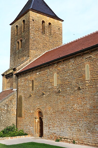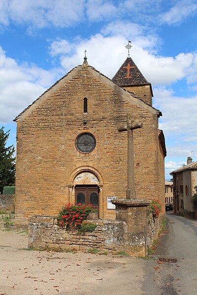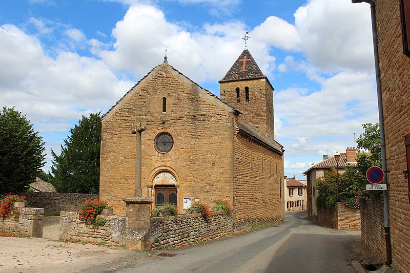L’église Saint-Georges de Vinzelles se situe sur la commune de Vinzelles, en Saône-et-Loire, dans la région Bourgogne-Franche-Comté. De construction sobre, elle date de la fin du XIe siècle ou du tout début du XIIe siècle et relève du style roman. Ses murs sont épais et ses ouvertures particulièrement étroites, fortement ébrasées à l’intérieur, les vitraux affleurant presque à l’extérieur. Vers 1860, l’auvent qui précédait le portail roman a été démoli. Le clocher a été restauré en 1923 et une statue de la Vierge a été posée au-dessus de l’abside. En 1970, l’artiste Michel Bouillot a aménagé le chœur roman. L’édifice est inscrit au titre des monuments historiques par arrêté du 10 avril 1929. Une peinture murale, visible sur le cul-de-four de l’abside, représente un Christ en gloire qui bénit de deux doigts levés à hauteur des yeux et tient dans la main gauche un livre portant les lettres grecques alpha et oméga sur la couverture. Le chœur est éclairé par trois petits vitraux portant des initiales : SG à gauche (Saint Georges, patron de l’église), IHS au centre (Jésus Sauveur des Hommes) et AM à droite (Ave Maria, hymne à la Vierge). L’église dépend de la paroisse Notre‑Dame‑des‑Vignes‑en‑Sud‑Mâconnais, qui regroupe quatorze villages et dont le siège est à La Chapelle‑de‑Guinchay. Des ressources en ligne sont disponibles, notamment sur Clochers de France, l’Observatoire du patrimoine religieux, la base Mérimée et plusieurs portails consacrés à l’architecture et au patrimoine.
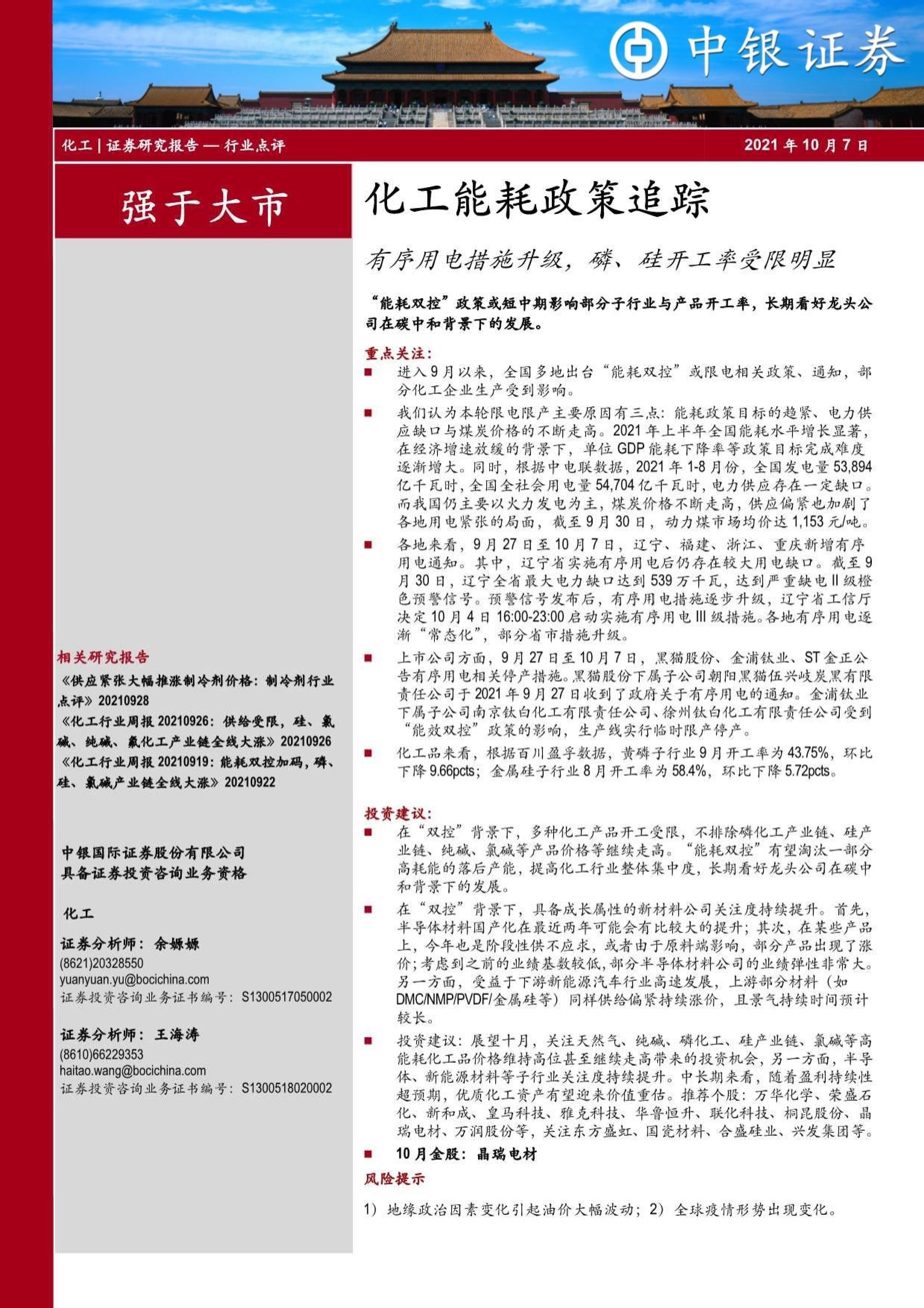 在“双控”背景下,多种化工产品开工受限,不排除磷化工产业链、硅产业链、纯碱、气碱等产品价格等继续走高。“能耗双控”有望淘汰一部分高耗能的落后产能,提高化工行业整体集中度,长期看好龙头公司在碳中和背景下的发展。
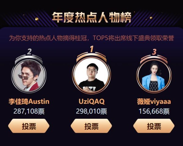 电竞圈VS娱乐圈,UZI再度反超王一博,前10名有4位电竞选手微博之夜年度热点人物榜:Uzi暂列第二,力压李佳琦、薇娅
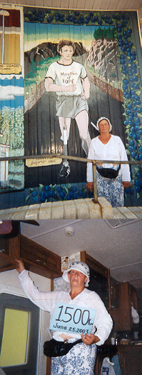 Lori has a Moment with Terry Fox at the Kaladar Community Centre; June 25 - 1500 KM!
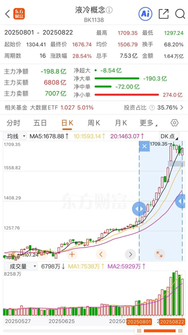 东方财富数据显示,近期,液冷概念板块持续走高,8月以来板块涨幅达28.54%。
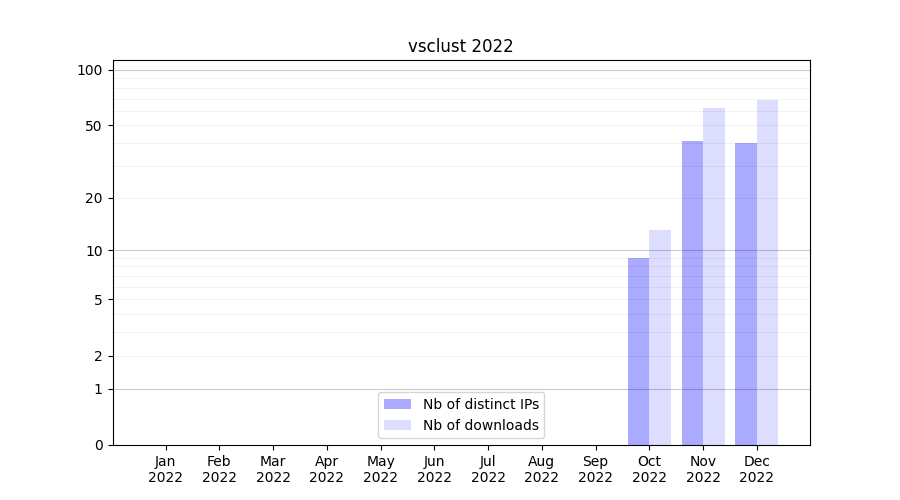 Number of downloads for software package vsclust, year by year, from 2025 back to 2014 (years with no downloads are omitted):
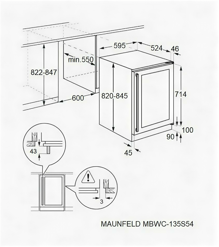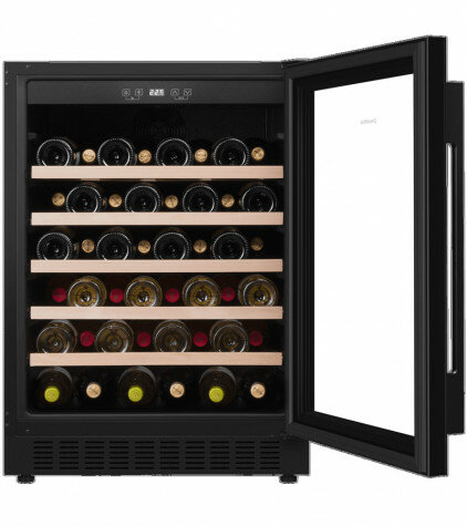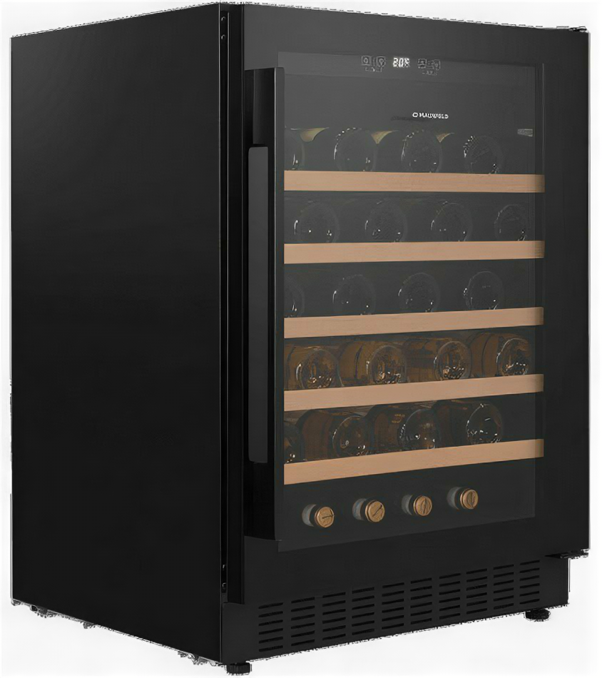 Винный шкаф MAUNFELD MBWC–135S54 Современный винный шкаф MAUNFELD – инновационное решение проблемы качественного хранения вина. Винный шкаф предназначен для встройки под столешницу.Возможность встраивания позволяет интегрировать его в любую кухонную мебель. Его стильный черный цвет и стеклянная дверь придают ему эстетическую привлекательность. Вместительность до 54 бутылок и обеспечивает идеальные условия хранения вина благодаря эффективной технологии равномерной циркуляции воздуха. Сенсорное управление позволит точно настроить температуру и влажность. Низкий уровень шума и потребления энергии делает устройство экономичным и удобным в использовании.Расширенная функциональность, изысканный дизайн, полноценная имитация условий «винного погреба» – всё это винный шкаф .В нем можно хранить до 54 бутылок при
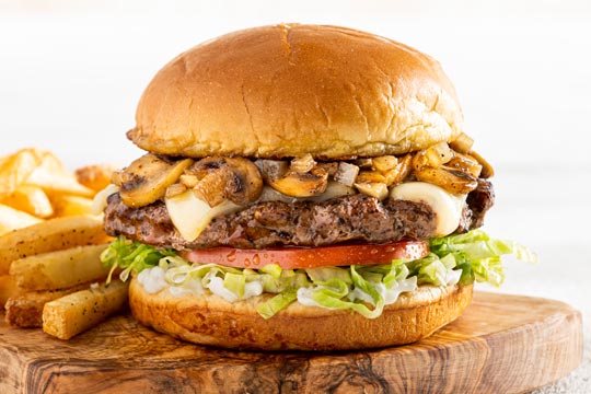 Fresh sautéed mushrooms, melted Swiss cheese, mayo, lettuce, tomatoes & pickles. Served with fries.
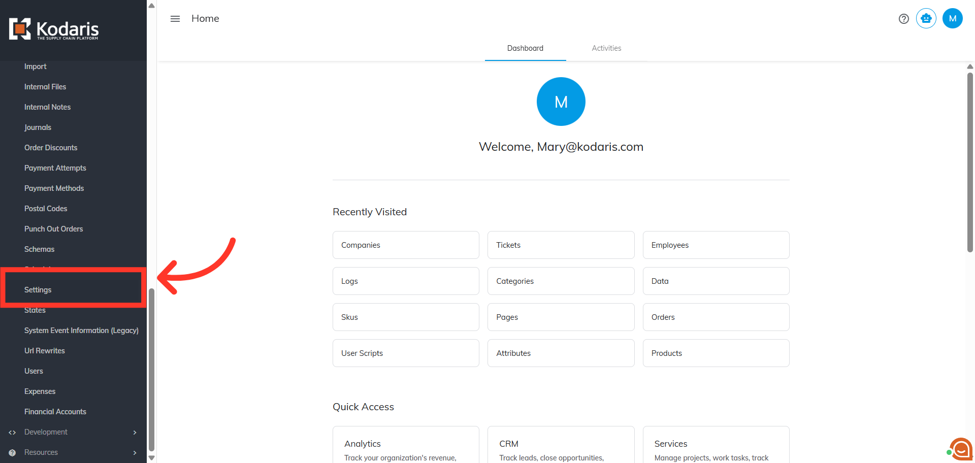 Click "Settings". In order to access and edit settings, you will need to be set up either as an “administrator” or a "superuser", or have the following roles: "settingEdit" and "settingView".

_ _ _ _

Each entry must be reproduced word for word, and any image among them left out.

L’église Saint-Georges de Vinzelles se situe sur la commune de Vinzelles, en Saône-et-Loire, dans la région Bourgogne-Franche-Comté. De construction sobre, elle date de la fin du XIe siècle ou du tout début du XIIe siècle et relève du style roman. Ses murs sont épais et ses ouvertures particulièrement étroites, fortement ébrasées à l’intérieur, les vitraux affleurant presque à l’extérieur. Vers 1860, l’auvent qui précédait le portail roman a été démoli. Le clocher a été restauré en 1923 et une statue de la Vierge a été posée au-dessus de l’abside. En 1970, l’artiste Michel Bouillot a aménagé le chœur roman. L’édifice est inscrit au titre des monuments historiques par arrêté du 10 avril 1929. Une peinture murale, visible sur le cul-de-four de l’abside, représente un Christ en gloire qui bénit de deux doigts levés à hauteur des yeux et tient dans la main gauche un livre portant les lettres grecques alpha et oméga sur la couverture. Le chœur est éclairé par trois petits vitraux portant des initiales : SG à gauche (Saint Georges, patron de l’église), IHS au centre (Jésus Sauveur des Hommes) et AM à droite (Ave Maria, hymne à la Vierge). L’église dépend de la paroisse Notre‑Dame‑des‑Vignes‑en‑Sud‑Mâconnais, qui regroupe quatorze villages et dont le siège est à La Chapelle‑de‑Guinchay. Des ressources en ligne sont disponibles, notamment sur Clochers de France, l’Observatoire du patrimoine religieux, la base Mérimée et plusieurs portails consacrés à l’architecture et au patrimoine.
 在“双控”背景下,多种化工产品开工受限,不排除磷化工产业链、硅产业链、纯碱、气碱等产品价格等继续走高。“能耗双控”有望淘汰一部分高耗能的落后产能,提高化工行业整体集中度,长期看好龙头公司在碳中和背景下的发展。
 电竞圈VS娱乐圈,UZI再度反超王一博,前10名有4位电竞选手微博之夜年度热点人物榜:Uzi暂列第二,力压李佳琦、薇娅
 Lori has a Moment with Terry Fox at the Kaladar Community Centre; June 25 - 1500 KM!
 东方财富数据显示,近期,液冷概念板块持续走高,8月以来板块涨幅达28.54%。
 Number of downloads for software package vsclust, year by year, from 2025 back to 2014 (years with no downloads are omitted):
 Винный шкаф MAUNFELD MBWC–135S54 Современный винный шкаф MAUNFELD – инновационное решение проблемы качественного хранения вина. Винный шкаф предназначен для встройки под столешницу.Возможность встраивания позволяет интегрировать его в любую кухонную мебель. Его стильный черный цвет и стеклянная дверь придают ему эстетическую привлекательность. Вместительность до 54 бутылок и обеспечивает идеальные условия хранения вина благодаря эффективной технологии равномерной циркуляции воздуха. Сенсорное управление позволит точно настроить температуру и влажность. Низкий уровень шума и потребления энергии делает устройство экономичным и удобным в использовании.Расширенная функциональность, изысканный дизайн, полноценная имитация условий «винного погреба» – всё это винный шкаф .В нем можно хранить до 54 бутылок при
 Fresh sautéed mushrooms, melted Swiss cheese, mayo, lettuce, tomatoes & pickles. Served with fries.
 Click "Settings". In order to access and edit settings, you will need to be set up either as an “administrator” or a "superuser", or have the following roles: "settingEdit" and "settingView".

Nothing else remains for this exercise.